[Tainnor]

> Then the key question is to ask whether the two notions coincide: one way to state Godel's first incompleteness theorem is that it shows the two notions do not coincide

It's even more subtle than that. They do coincide in a sense, which is proven by Gödel's completeness theorem (well, at least in First-Order Logic). That one just says that a sentence is provable from some axioms exactly iff it's true in every interpretation that satisfy the axioms.

So one thing that Gödel's first incompleteness theorem shows it's that it's impossible to uniquely characterise even a simple structure such as the natural numbers by some "reasonable"[0] axioms - precisely because there will always be sentences that are correct in some interpretations but not in others.

Unless you use second-order logic - in which case the whole enterprise breaks down for different reasons (because completeness doesn't hold for second order logic).

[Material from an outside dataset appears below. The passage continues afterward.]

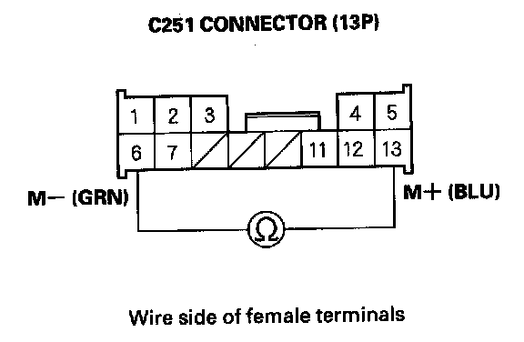 16. Check for continuity between C251 connector (13P) terminals No. 6 and No. 13.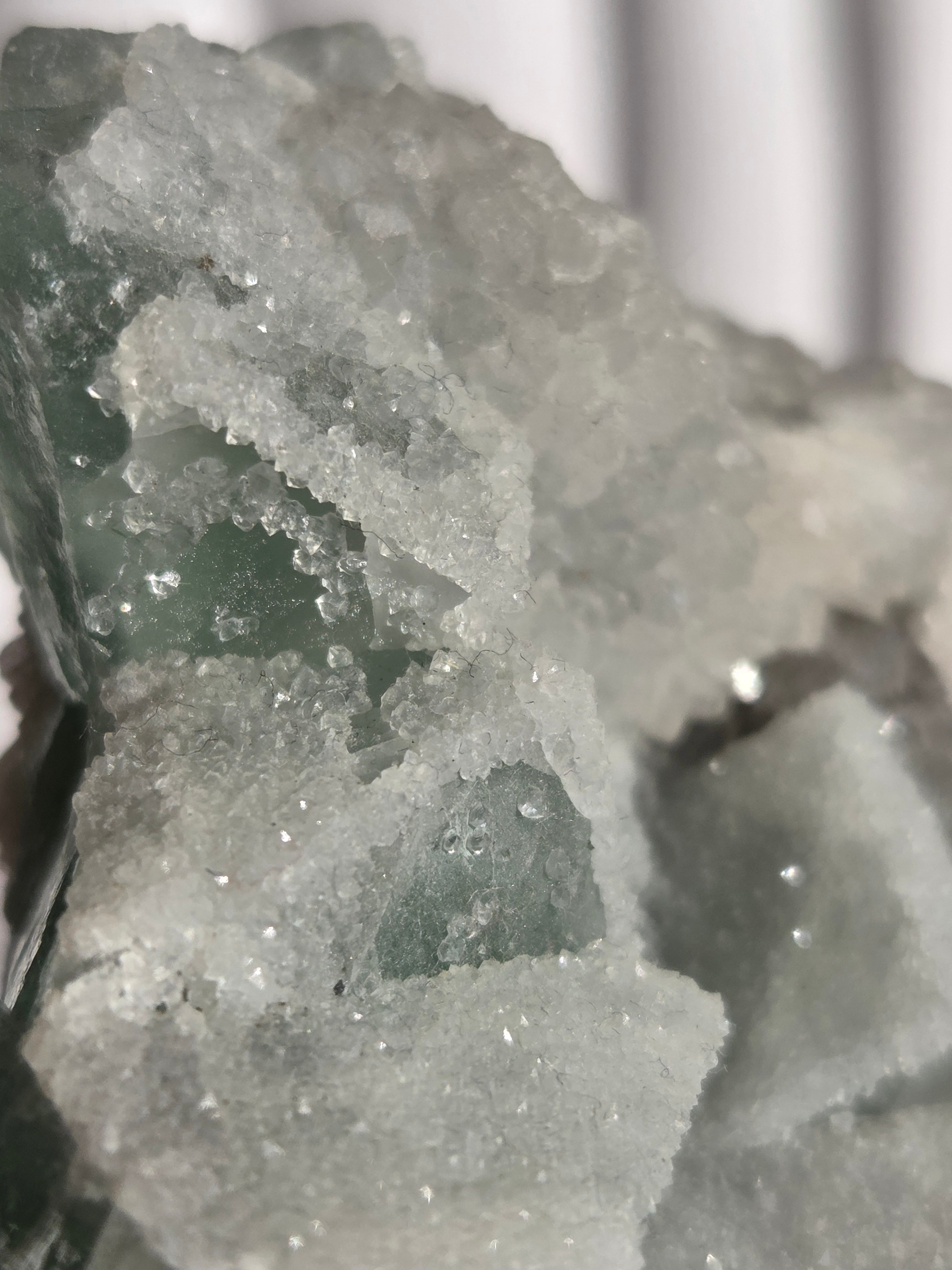 鮮やかなグリーンが目を引く、福建省産シュガーフローライト原石です。

[0] reasonable basically means that it must be possible to verify whether a sentence is an axiom or not, otherwise you could just say that "every true sentence is an axiom"

[thorel]

Agreed, thanks for the clarifications. Another result worth mentioning, which also shows that you cannot hope to uniquely characterize a structure by "reasonable" axioms is the Löwenheim–Skolem theorem which predates Godel's incompleteness (although the history of these results is somewhat convoluted).

There, the obstacle is in some sense of a simplest nature: if your set of axioms admits a countable model, then it admits models of all infinite cardinalities. In other words, it shows that there is something fundamentally impossible in trying to capture an infinite structure (like numbers) by finite means (e.g. recursively axiomatizable).

[ginnungagap]

> In other words, it shows that there is something fundamentally impossible in trying to capture an infinite structure (like numbers) by finite means (e.g. recursively axiomatizable).

Let me just point out for other readers that Löwenheim-Skolem applies to ANY first order theory (in a countable language, or also in an uncountable language if stated in the form that a theory with an infinite model with cardinality at least that of the language has infinite models in all cardinalities at least as big as that of the language), it doesn't care about how complex the axioms are from a computability point of view

[Tainnor]

You're correct, but I think the spirit of what GP wrote is still true.

You can't capture an infinite structure fully by "finitary" methods, either you use FOL and then you run into L-S, or you use higher-order logic (for which L-S doesn't apply) but then you don't have a complete proof system anymore.

To tie it all together, L-S and incompleteness are about different flavours of "not being able to capture something". L-S is about models of different cardinalities. These models do still all satisfy exactly the same sentences. Incompleteness is about different models actually satisfying different sentences.

[Tainnor]

Löwenheim-Skolem is such a mind-blowing result. It's a shame it's not talked about more often.